Cette recherche sera traitée sur l'exemple de la G6PD (glucose-6-phosphate déshydrogénase). Lorsque le gène est muté, cela provoque une destruction des globules rouges (hémolyse). Il s'agit de rechercher des enzymes de restriction qui coupent différemment l'allèle normal (G6PDB) et l'allèle muté (G6PD_morb).
- Comparaison des deux séquences (en mode d'affichage Comparaison)
- Recherche d'une enzyme qui reconnaît une zone de mutation (ici la base 202)
Utiliser le menu Action/Enzyme de restriction, la fenêtre suivante s'affiche :
Pour qu'il y ait un choix plus large d'enzymes, cocher tous les types d'enzymes du cadre en bas à gauche de la fenêtre.
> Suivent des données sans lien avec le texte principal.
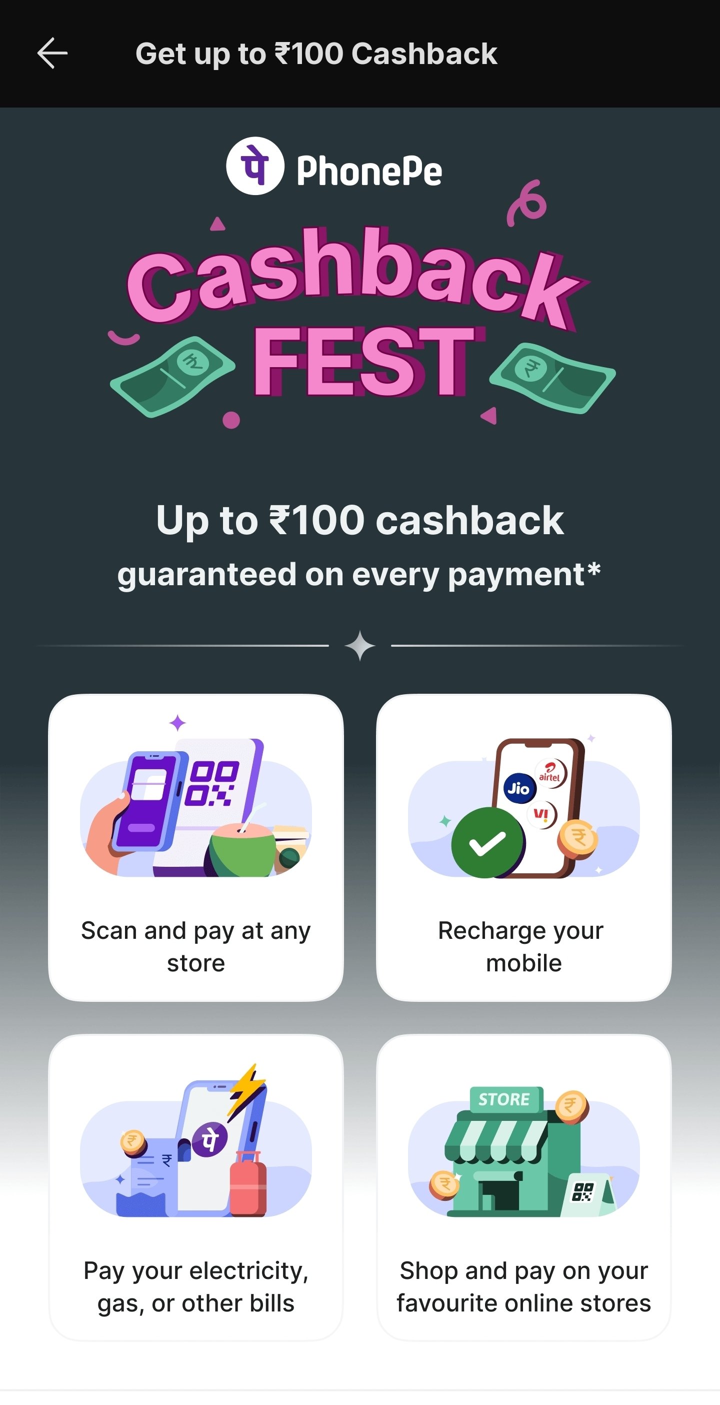 Participate in the PhonePe Cashback Fest and earn up to ₹100 cashback on your eligible transactions! Make payments of ₹11 or more and get rewarded with a scratch card.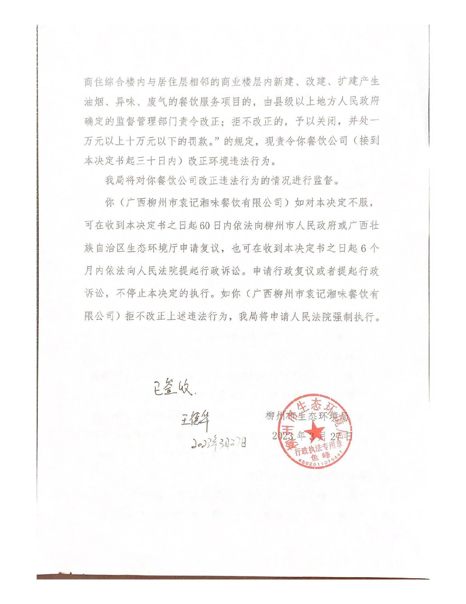 柳州市生态环境局责令改正违法行为决定书(鱼环责改字〔2023〕3号)广西柳州市袁记湘味餐饮有限公司

Puis cliquer sur le menu Rechercher... pour faire afficher la fenêtre de recherche :
Ici on recherchera les enzymes qui reconnaissent la séquence à la position 202 (qui est différente pour les deux allèles).
Remarque : en choisissant ensuite un autre mode, on pourrait combiner successivement plusieurs critères (par exemple tenir compte des autres sites de mutation avec le mode "ajouter à la sélection"...
Avec le seul critère choisi ici, une seule enzyme (CdiI) a été sélectionnée.
En cliquant sur OK, on obtient Le mode de coupure de la première séquence. - Comparaison des coupures
En se déplaçant dans la séquence au voisinage de la base 202, on observe une coupure de l'allèle normal par l'enzyme. La séquence de l'allèle muté étant différente à cet endroit, on n'observe pas de coupure :
- L'électrophorèse de l'allèle normal coupé par l'enzyme CdiI donnera 10 fragments et seulement 9 pour l'allèle muté. Cela permet de les différencier.
- Les infos et le tableau résument les résultats.